- [Directions for this task]:
Give the whole listing below once more, exactly, without pictures.

Top of Provided material

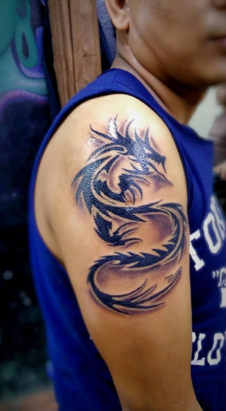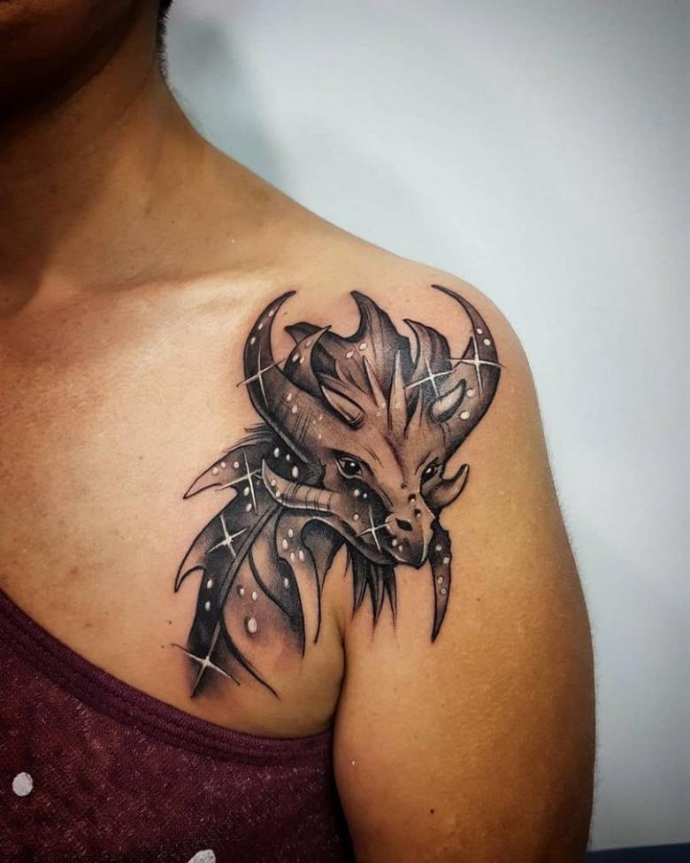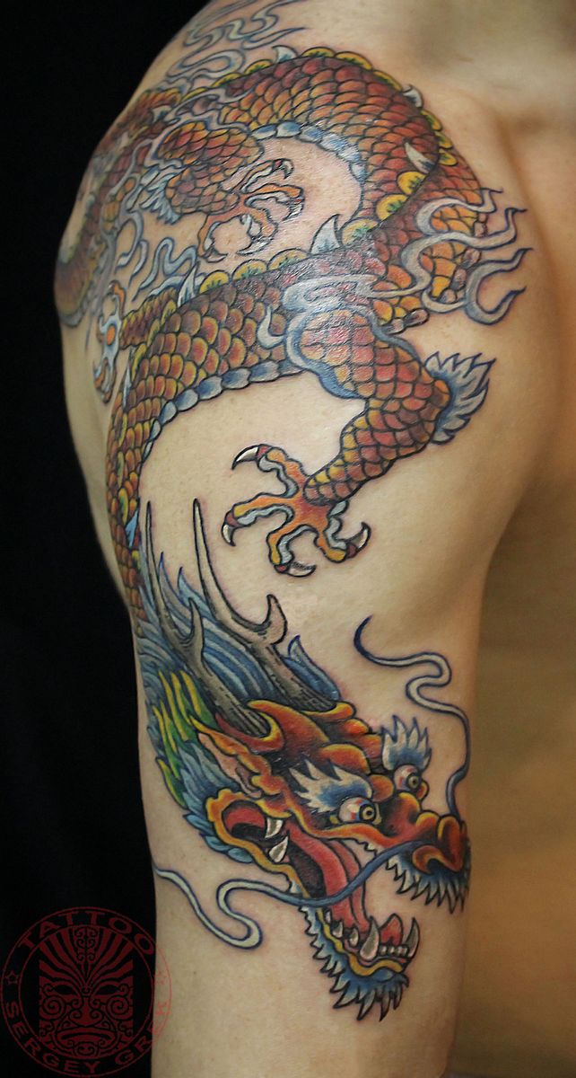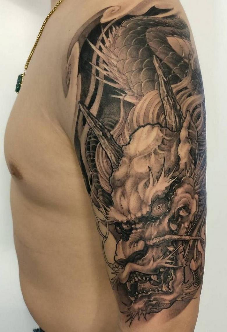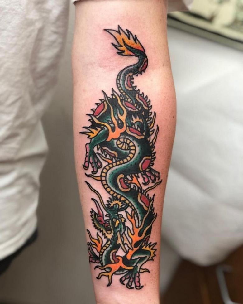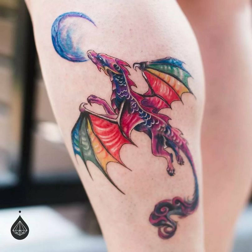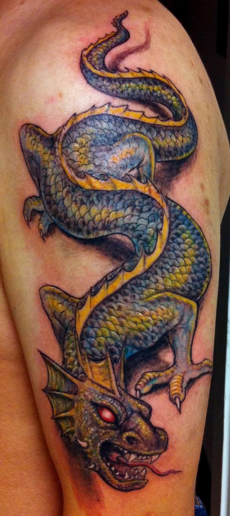 Un puissant lézard ailé en tout temps était populaire comme motif pour un tatouage. Souvent agressif et menaçant, le dragon sur le corps d'un guerrier était destiné à intimider l'ennemi. Dans le monde d'aujourd'hui, les tatouages sont faits plus pour des raisons esthétiques que pour le besoin réel de transmettre un message hostile, mais les dragons sont toujours respectés.
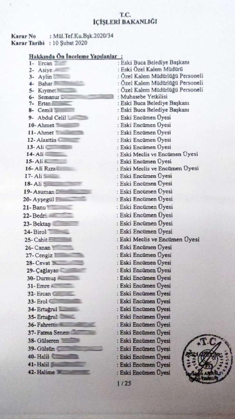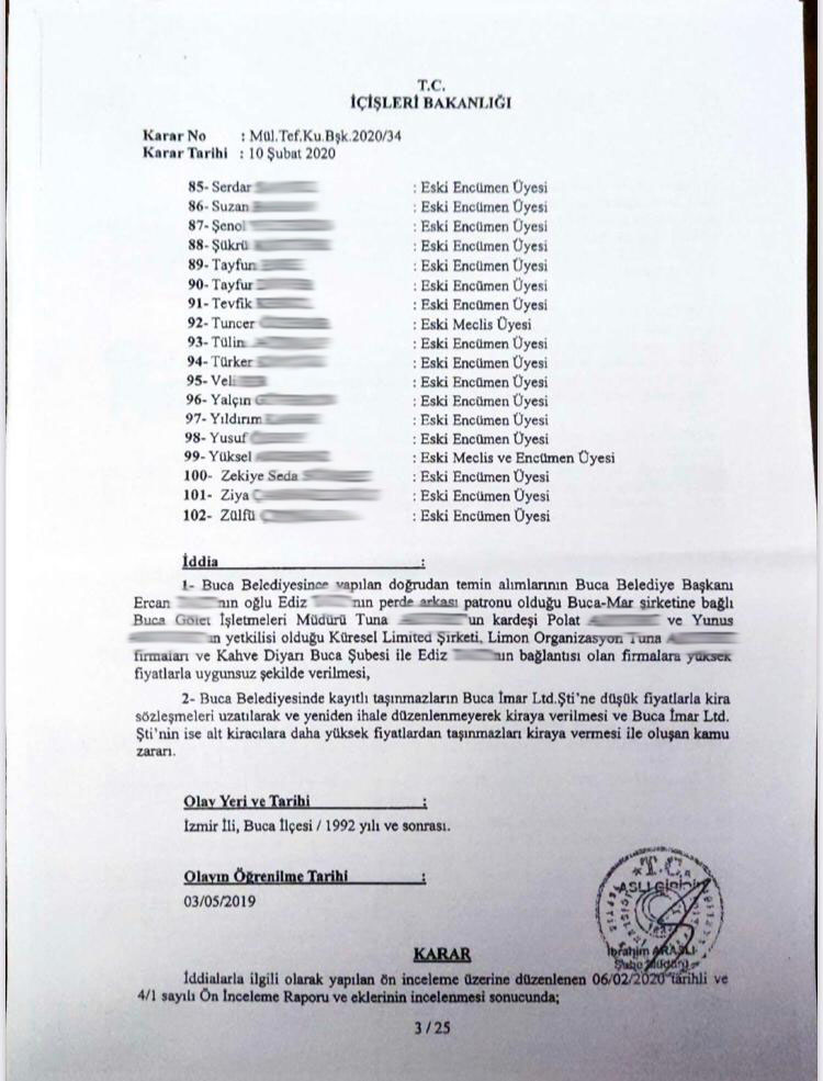 1992 sonrası işlemlerin konu edildiği ön soruşturmada olayların öğrenildiği tarih olarak belirtilen tarih 03/05/2019 olarak belirtiliyor. Ertan Erdek, Cemil Şeboy ve Ercan Tatı dönemlerinin mercek altına alındığı incelemede Levent Piriştina dönemine ait bir bilgi yer almıyor. Erdek, Şeboy ve Tatı’yla birlikte onların dönemlerine görev alan Encümen üyelerinin de tek tek isimleri belirtilerek alınan karara göre haklarına soruşturmaya izin verilip verilmediği vurgulanıyor. Buca Belediyesi’ne ait 7 taşınmazın Buca İmar şirketi tarafından alt şirketlere daha yüksek bedelle kiralanması nedeniyle kamu zararı oluştuğu yönündeki iddiayla ilgili olarak 4 taşınmazla ilgili kararlarda soruşturmaya gerek yok denirken, 3 taşınmazla ilgili kararlara imza atan isimler hakkında soruşturma izni verildiği gözleniyor.
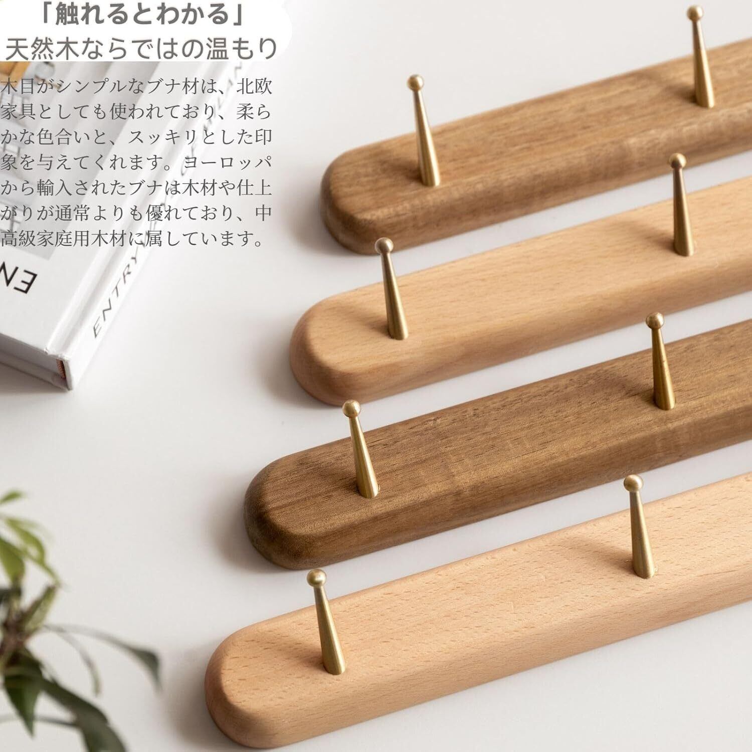 YESWOOD 壁掛け フック木製 ハンガーフック5連 4連 3連 ウォールハンガー 壁取り付け式コートラック キチン収納 収納家具 省スペース 帽子掛け 洋服掛け 100%無垢材 おしゃれ インテリア (4連) | Lulu

Bottom of Provided material

- [Result for this exercise]:
 Un puissant lézard ailé en tout temps était populaire comme motif pour un tatouage. Souvent agressif et menaçant, le dragon sur le corps d'un guerrier était destiné à intimider l'ennemi. Dans le monde d'aujourd'hui, les tatouages sont faits plus pour des raisons esthétiques que pour le besoin réel de transmettre un message hostile, mais les dragons sont toujours respectés.
 1992 sonrası işlemlerin konu edildiği ön soruşturmada olayların öğrenildiği tarih olarak belirtilen tarih 03/05/2019 olarak belirtiliyor. Ertan Erdek, Cemil Şeboy ve Ercan Tatı dönemlerinin mercek altına alındığı incelemede Levent Piriştina dönemine ait bir bilgi yer almıyor. Erdek, Şeboy ve Tatı’yla birlikte onların dönemlerine görev alan Encümen üyelerinin de tek tek isimleri belirtilerek alınan karara göre haklarına soruşturmaya izin verilip verilmediği vurgulanıyor. Buca Belediyesi’ne ait 7 taşınmazın Buca İmar şirketi tarafından alt şirketlere daha yüksek bedelle kiralanması nedeniyle kamu zararı oluştuğu yönündeki iddiayla ilgili olarak 4 taşınmazla ilgili kararlarda soruşturmaya gerek yok denirken, 3 taşınmazla ilgili kararlara imza atan isimler hakkında soruşturma izni verildiği gözleniyor.
 YESWOOD 壁掛け フック木製 ハンガーフック5連 4連 3連 ウォールハンガー 壁取り付け式コートラック キチン収納 収納家具 省スペース 帽子掛け 洋服掛け 100%無垢材 おしゃれ インテリア (4連) | Lulu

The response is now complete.